Oprócz głównej linii fabularnej mamy mnóstwo pobocznych aktywności, których możemy się podjąć. Przykładem są zlecenia mieszkańców, w których otrzymujemy różne zadania do wypełnienia czy zbierania tak zwanych Shrine Sprites (do awansowania towarzyszy) czy Star Pieces (do wymiany za odznaki). Dodatkowo możemy wziąć udział w mini grach czy w graniu na maszynach, czy nawet wziąć udział w loterii. Aktywności jest mnóstwo i trzeba się nieźle napracować, jeśli chce się ukończyć grę na 100%.

 

 

Paper Mario: The Thousand-Year Door potrafi dostarczyć dziesiątki godzin rozgrywki, jeśli nastawimy się na dogłębną eksplorację lokacji. Nie ma nawet chwili na nudę, bo wraz z progresem w historii pojawiają się nowe poboczne elementy. Zdecydowanie tego tytułu nie da się ukończyć w jeden czy dwa wieczory, co jest zdecydowanie plusem.

 

Znajdźki znajdźkami, ale co z samą grą?

 

Podczas przygody nie będziemy sami. Przez szereg rozdziałów napotkamy różnych nowych sprzymierzeńców, którzy cechują się unikalnymi zdolnościami. Te umiejętności pomogą nam nie tylko w pokonywaniu przeszkód, a również odkrywaniu ukrytych przejść czy przedmiotów. Warto notować sobie wszystkie zablokowane przejścia, jeśli chcemy zebrać wszystko, ponieważ tak zwanego backtrackingu (kilkukrotne odwiedzenie tej samej lokacji) jest całkiem sporo. Gra nie kryje się z tym, że wszystko jest z papieru.

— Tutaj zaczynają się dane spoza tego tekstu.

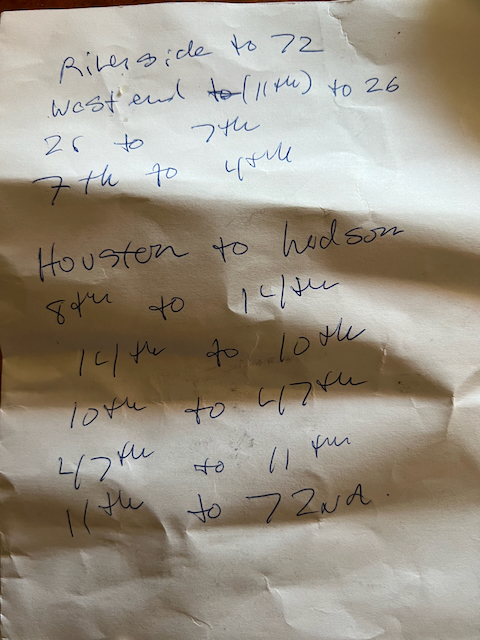 After getting to 7th Avenue, it was smooth sailing. I made a left turn on West 4th and was actually able to answer Tommy’s frantic text messages of “Where are you?” while waiting for a red light somewhere between there and 1st Avenue. “Almost there.” I texted from somewhere around the Bowery.

Będziemy zamieniać się w papierowy samolot czy nawet zwijać się w rulon, aby przechodzić niektóre przeszkody na drodze.

 

 

Walki, które są nieodłączną częścią gry, będziemy toczyć w systemie turowym z elementami interakcji w czasie rzeczywistym. Prostym przykładem może być naciśnięcie odpowiedniego przycisku podczas wykonywanie skoku na przeciwnika. Spowoduje to, że nasz bohater zrobi podwójny skok, zadając dodatkowe obrażenia. Tę mechanikę będziemy mogli również wykorzystać podczas obrony, aby zredukować szkody. Takie rozwiązanie sprawia, że potyczki są bardziej angażujące i interesujące. 

 

Bo do tanga trzeba dwojga

 

Oprócz Mario, będzie walczył z nami jeden wybrany towarzysz, którego w trakcie walki możemy w zmienić. Potyczki toczą się na scenie, w której również znajduje się audiencja. Pomaga regenerować Star Power, który możemy wykorzystać do wyjątkowych opcji. Każdy zebrany Crystal Star powoduje, że otrzymujemy dostęp do większej ilości specjalnych ruchów. 

 

 

Wraz z pokonywaniem kolejnych rozdziałów będziemy odblokowywać nowsze techniki. Niektóre z nich działają pasywnie, a niektóre rozszerzają arsenał umiejętności wykorzystujący Flower Points – co jest odpowiednikiem punktów many w fantasy RPG. Wykorzystanie wszystkich mechanik bardzo pomaga w pokonywaniu przeciwników. W ten sposób możemy wyjść, z każdej opresji.

 

Mimo że zamysł gry ma już 20 lat, to w ogóle nie czuć jej wieku. Podczas przygody świetnie się bawiłem. Przez interaktywne wydarzenia w czasie rzeczywistym, podczas wykonywania poleceń, starcia z wrogami są ciekawe. Bez tego elementu rozgrywka w mig stałaby się bardzo powtarzalna. Wraz z progresem odblokujemy mnóstwo innych opcji do rozszerzenia swojego wachlarza umiejętności. Pokonywanie przeciwników daje nam gwiazdki (odpowiednik punktów doświadczenia), a przy zebraniu setki uzyskamy awans. Po czym możemy ulepszyć jedną z trzech statystyk: Zdrowie, Flower Points lub Badges Points (umożliwiające założenie więcej wzmacniających odznak).

 

 

Udany remake?

 

Zdecydowanie Paper Mario: Thousand-Year Door można uznać za udaną produkcję. Wersja na Nintendo Switch jest naprawdę śliczna pod względem graficznym, jak i pod względem audio. Muzyka jest bardzo klimatyczna i świetnie pasuje do świata Mario.  Grając w trybie przenośnym ciężko dostrzec jakiekolwiek słabsze strony pod względem jakości. Nawet będąc w rozdzielczości 640p Paper Mario: The Thousand-Year Door wygląda wyśmienicie.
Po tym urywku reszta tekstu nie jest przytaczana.